Dr. Prashant Saxena: I am passionate about cybersecurity, and in my free time, I focus on training the next generation of cybersecurity professionals. I founded the Center for Cyber Security Studies and Research (CFCS2R), a non-profit organization that provides free training and internships to individuals interested in learning cybersecurity from scratch. We currently operate in 48 countries and have trained over 10,000 people globally.
My focus is on skill development, both within my organization and for the broader community, especially those who are underprivileged and lack access to proper cybersecurity education.
Vighnesh: That’s truly inspiring, sir! You’ve dedicated your life to cybersecurity both professionally and personally. Lastly, what message would you like to leave for our audience to help them stay safe in this rapidly evolving digital world?

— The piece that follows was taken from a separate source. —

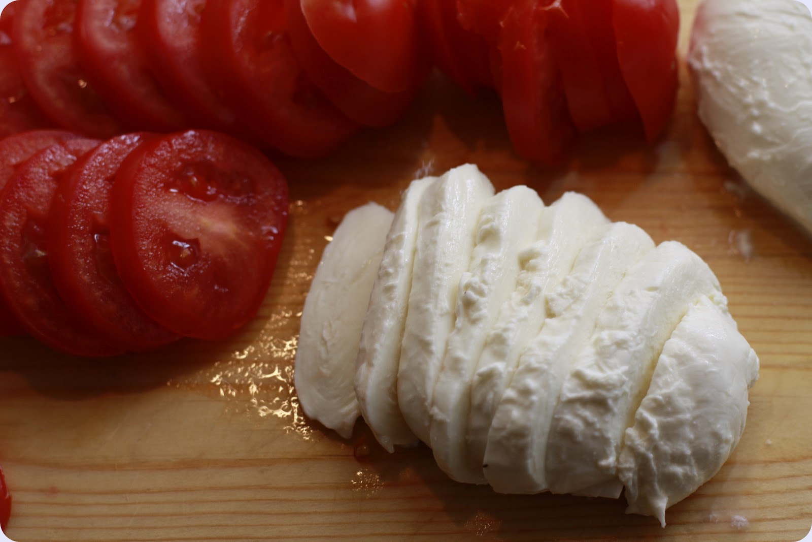 Legg tomat, mozzarella og basilikumblader lagvis på et fat.
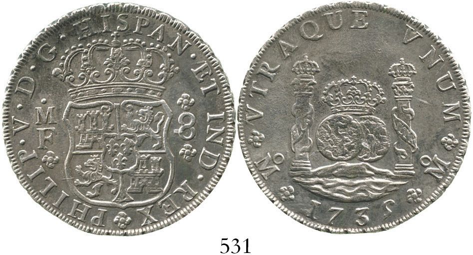 Mexico City, Mexico, pillar 8 reales, Philip V, 1735MF. KM-103; CT-779. 26.3 grams. Bold XF+ details

Dr. Prashant Saxena: My advice to everyone is to stay educated. Cybersecurity is no longer just a fancy term; it’s a necessity in today’s digital age. Everyone, from the common man to industry professionals, needs to be aware of basic cybersecurity practices. Share your knowledge with others, especially those who might not be as educated about digital security, such as your household help or drivers. Digital literacy is critical for everyone, and we must all contribute to spreading awareness.
Vighnesh: Thank you so much, Dr. Saxena, for your valuable insights. It was a pleasure speaking with you today, and I’m sure our audience learned a lot. Don’t forget to subscribe to our channel for more insightful discussions like this. Thank you again, sir, for your time!
Dr. Prashant Saxena: Thank you, Vighnesh. It was my pleasure.